Understanding the Behaviour of Learning Algorithms in Zero-sum Games

In economic and game theory, zero-sum games are settings for perfect competition where the gain of one player is exactly equal to the loss of the other. But what happens in environments where many intelligent agents – human or artificial – interact with one other? Do these systems attain a state of equilibrium or do they become chaotic? And what are the conditions that influence these outcomes?

These are some of the questions that Georgios Piliouras, assistant professor of Engineering Systems and Design, Singapore University of Technology and Design (SUTD), is trying to answer through his work on multi-agent reinforcement learning in games.

For Prof Piliouras, the focus on this research area stems from his fascination with how complex phenomena emerge from simple components, such as neurons coming together to form the brain, an ant colony self-organising and building complex structures, or how the global economy works.

“In every one of these cases we can create pretty reasonable models of the behaviour of the individual constituents of these networks,” he noted. “But when we scale them up, the global emergent behaviour can, in many cases, be unexpected.” 

Unexpected chaos

Prof Piliouras’s objective is to create a robust and scalable theory of how learning algorithms behave in general decentralised environments. One of the standard classes of these environments is the zero-sum game which lies at the core of many recent artificial intelligence (AI) architectures.

An example is Generative Adversarial Networks, where two neural networks compete against each other. One of them, the Generator, tries to create realistic looking images whereas the other one, the Discriminator, tries to predict whether the images presented are real world images or synthetic ones. “By having the networks compete against each other, we can create AI that produces very realistic looking images,” explained Prof Piliouras.
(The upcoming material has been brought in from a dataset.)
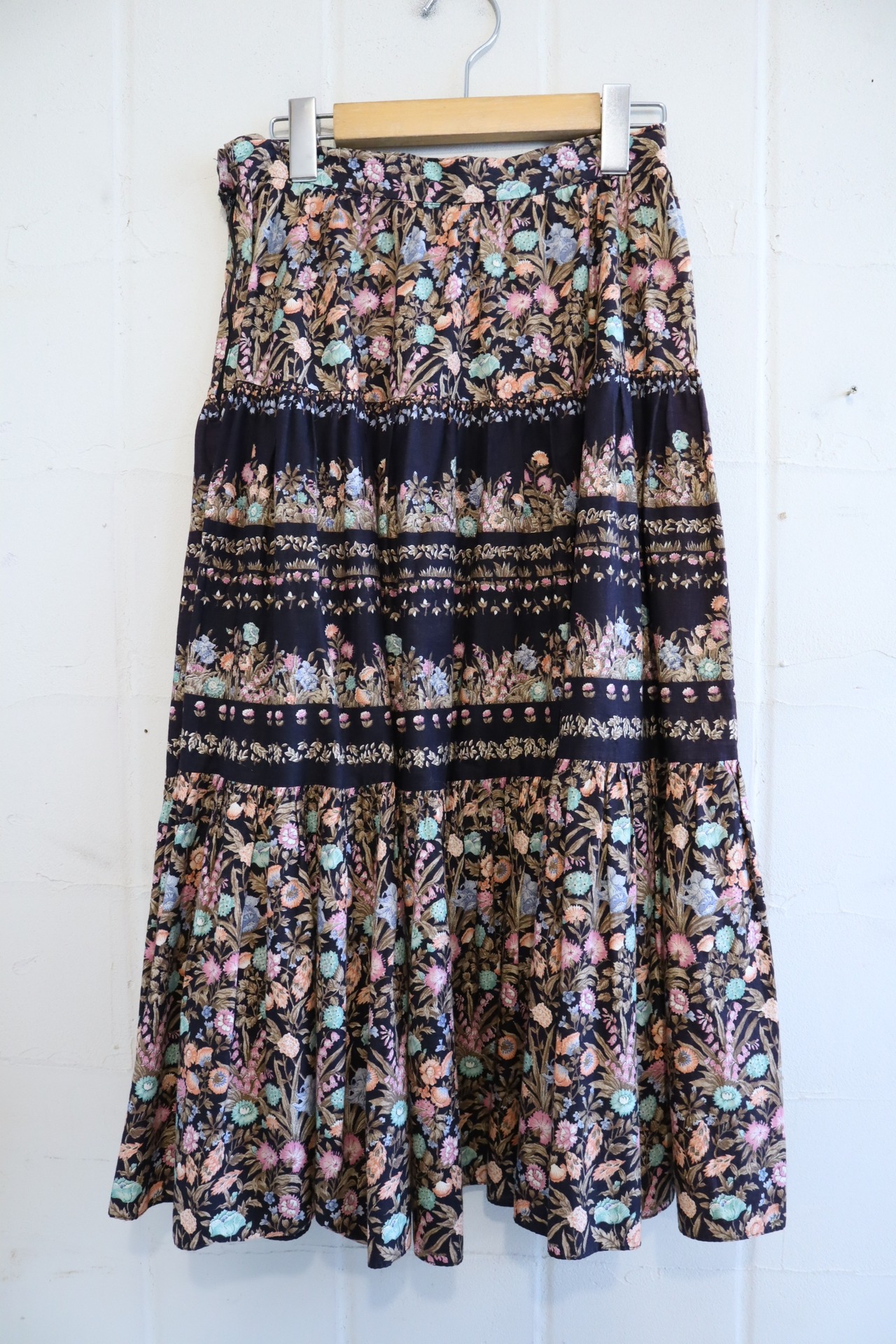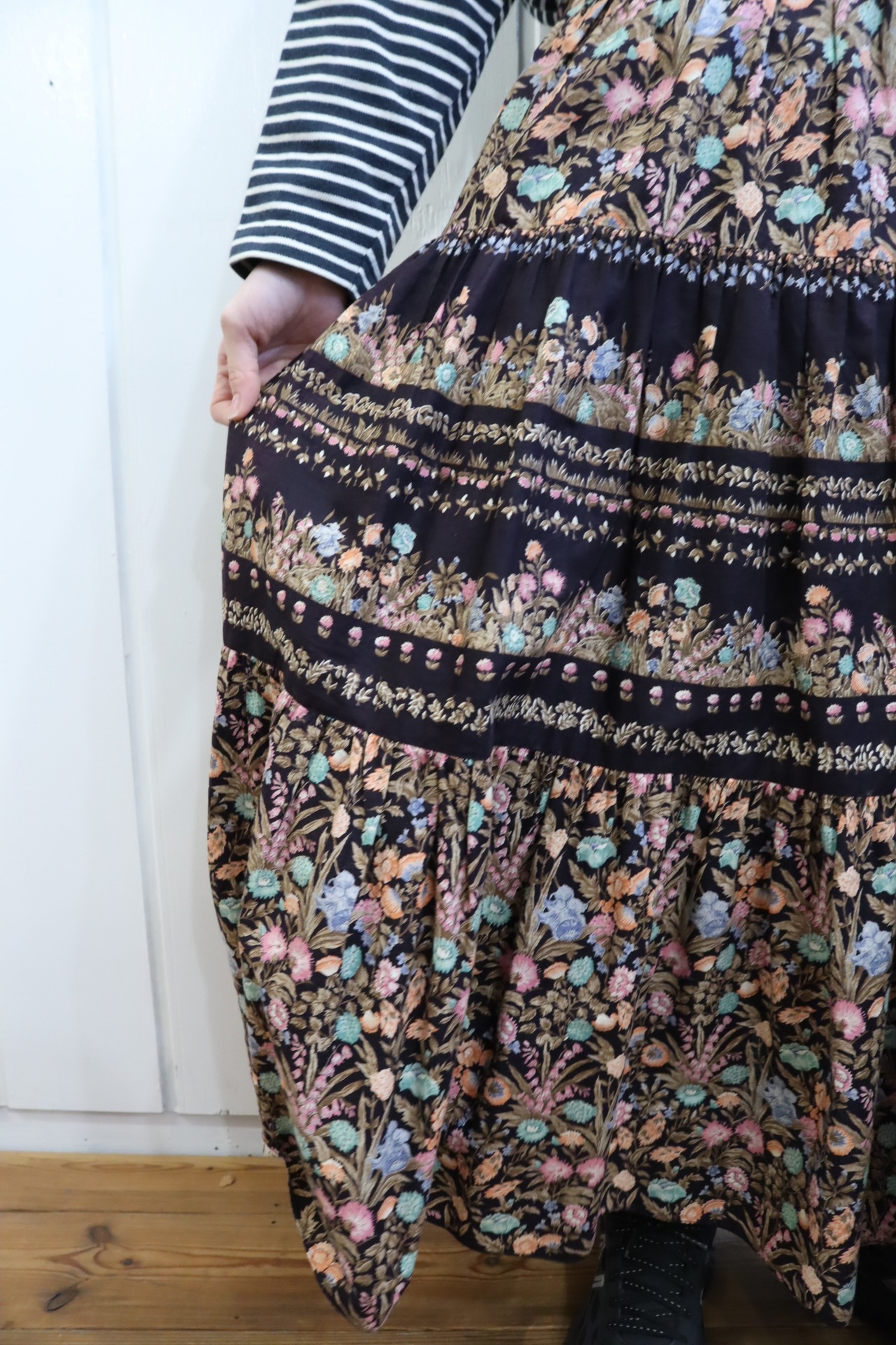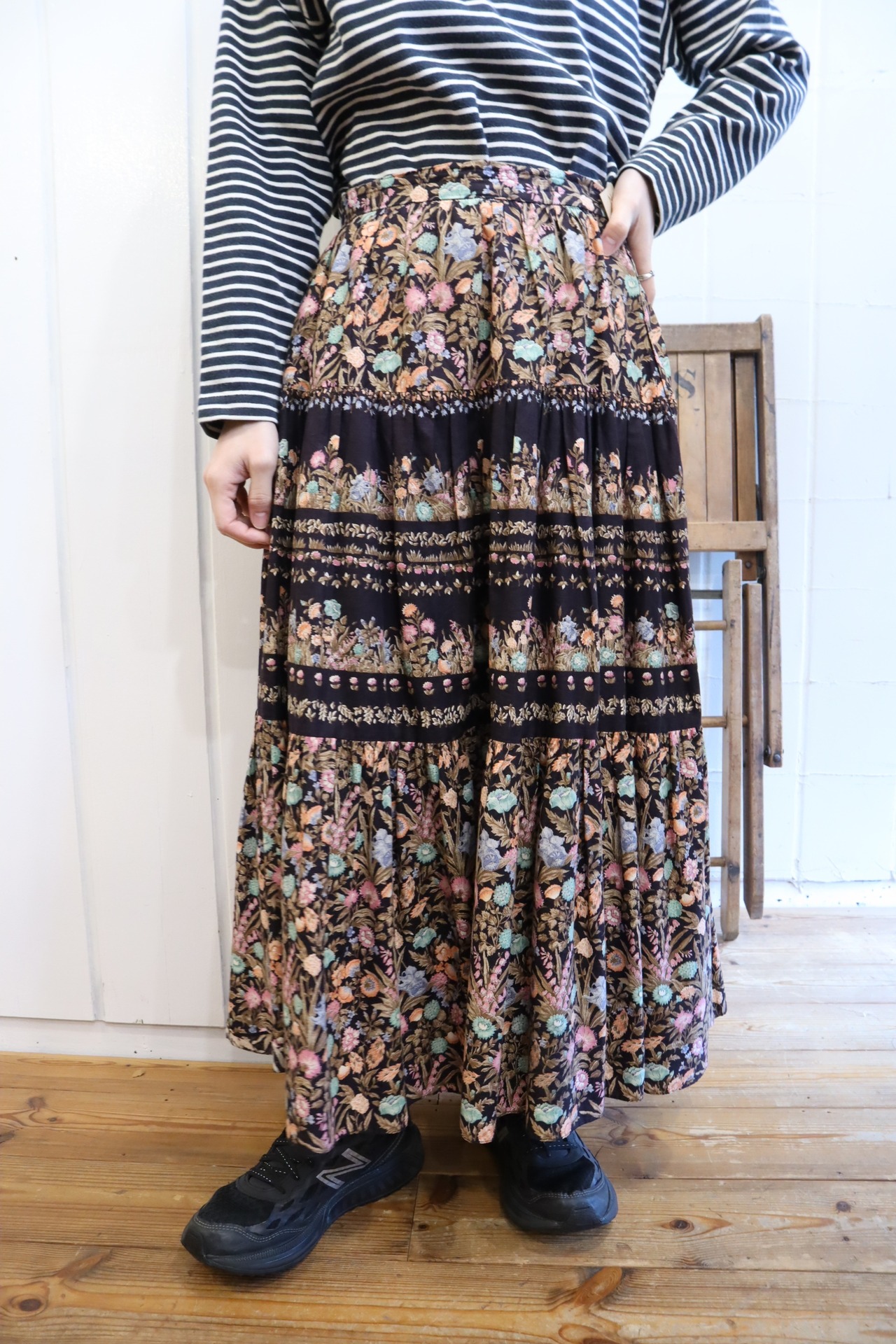 black×lightbrown flower pattern tiered skirt [l-2671]

The same mathematical concept lies at the core of Alpha-Go/Alpha-Zero, the AI systems produced by DeepMind, which learned to master the game of Go through self-play. 

However, Prof Piliouras’ research found that many standard learning dynamics such as gradient descent (an optimisation algorithm that is used to update the parameters of a machine learning model) are unstable and in fact chaotic in zero-sum games. This suggests that zero-sum games and other similar multi-agent settings can be more complex than standard economic theory suggests.
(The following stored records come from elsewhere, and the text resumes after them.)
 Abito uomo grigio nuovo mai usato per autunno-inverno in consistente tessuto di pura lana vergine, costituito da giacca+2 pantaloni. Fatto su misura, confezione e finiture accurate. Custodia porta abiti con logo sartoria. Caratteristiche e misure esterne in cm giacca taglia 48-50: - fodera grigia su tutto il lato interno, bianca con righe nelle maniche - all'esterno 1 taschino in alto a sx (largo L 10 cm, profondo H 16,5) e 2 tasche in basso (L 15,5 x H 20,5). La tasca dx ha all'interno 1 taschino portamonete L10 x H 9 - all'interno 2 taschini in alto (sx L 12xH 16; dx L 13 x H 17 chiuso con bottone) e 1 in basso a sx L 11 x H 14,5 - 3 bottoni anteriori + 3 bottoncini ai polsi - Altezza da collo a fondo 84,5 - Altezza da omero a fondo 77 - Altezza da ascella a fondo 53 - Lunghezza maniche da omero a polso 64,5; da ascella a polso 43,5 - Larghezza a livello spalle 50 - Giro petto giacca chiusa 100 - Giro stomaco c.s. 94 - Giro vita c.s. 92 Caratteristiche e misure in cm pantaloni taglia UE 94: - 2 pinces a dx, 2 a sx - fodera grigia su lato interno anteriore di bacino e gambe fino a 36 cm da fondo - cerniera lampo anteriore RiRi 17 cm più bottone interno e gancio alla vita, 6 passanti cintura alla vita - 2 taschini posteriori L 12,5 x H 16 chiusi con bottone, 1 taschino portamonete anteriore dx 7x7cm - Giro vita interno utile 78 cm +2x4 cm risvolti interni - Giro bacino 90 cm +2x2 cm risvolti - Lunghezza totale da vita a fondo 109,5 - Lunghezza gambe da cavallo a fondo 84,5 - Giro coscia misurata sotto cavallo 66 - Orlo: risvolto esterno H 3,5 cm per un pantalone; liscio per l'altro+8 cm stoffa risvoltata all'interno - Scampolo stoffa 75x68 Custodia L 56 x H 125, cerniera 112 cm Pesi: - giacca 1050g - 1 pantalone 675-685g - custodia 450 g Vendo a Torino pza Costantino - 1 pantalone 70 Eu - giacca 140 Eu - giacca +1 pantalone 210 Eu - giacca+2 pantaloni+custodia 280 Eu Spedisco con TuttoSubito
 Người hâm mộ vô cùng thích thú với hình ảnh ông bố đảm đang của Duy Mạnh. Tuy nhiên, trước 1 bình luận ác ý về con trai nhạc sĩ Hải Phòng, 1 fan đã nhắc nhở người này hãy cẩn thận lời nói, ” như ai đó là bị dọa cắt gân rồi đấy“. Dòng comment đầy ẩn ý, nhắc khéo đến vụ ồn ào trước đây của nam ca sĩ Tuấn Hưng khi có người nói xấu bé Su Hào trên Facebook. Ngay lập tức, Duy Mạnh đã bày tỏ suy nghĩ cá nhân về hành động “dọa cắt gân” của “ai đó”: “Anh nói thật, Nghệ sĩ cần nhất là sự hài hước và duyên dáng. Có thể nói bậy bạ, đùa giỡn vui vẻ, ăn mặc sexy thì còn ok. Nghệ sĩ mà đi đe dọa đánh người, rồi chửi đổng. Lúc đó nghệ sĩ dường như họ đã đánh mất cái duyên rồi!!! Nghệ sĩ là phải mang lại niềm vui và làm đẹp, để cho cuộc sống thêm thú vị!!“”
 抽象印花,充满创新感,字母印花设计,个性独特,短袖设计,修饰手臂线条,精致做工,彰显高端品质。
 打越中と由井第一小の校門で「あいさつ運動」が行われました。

New multi-agent AI architectures

To improve the performance of self-learning systems, Prof Piliouras is working to create learning algorithms that behave predictably and converge to equilibrium instead of behaving chaotically.

To date, he has co-authored several joint papers with researchers from DeepMind to leverage these ideas and create new multi-agent AI architectures.

His research group also published five papers in the Conference on Neural Information Processing Systems (NeurIPS) in 2019, with two of them receiving spotlight awards. The same year, the team received a best paper award nomination at the International Conference on Autonomous Agents and Multiagent Systems, which is the premier conference on multi-agent systems.

“Publishing in these top ML conferences provides a great opportunity for communicating our ideas to a wide audience and getting some valuable feedback,” said Prof Piliouras, who plans to keep probing deeper into the structure of multi-agent reinforcement learning in games.

“There are a lot of challenges and questions that we still do not quite understand especially when we have a large number of users and complex action spaces,” he said. “There is definitely a lot of exciting work to be done both on the theoretical as well as the experimental front.”  

Prof Piliouras counts himself lucky to have had the opportunity to collaborate with many brilliant researchers around the globe in the course of his work. “My research journey so far has been very rewarding,” he said. “I am happy with the progress we have made already on some of the fundamental questions in the area, and at the same time I am excited about where we are going next.”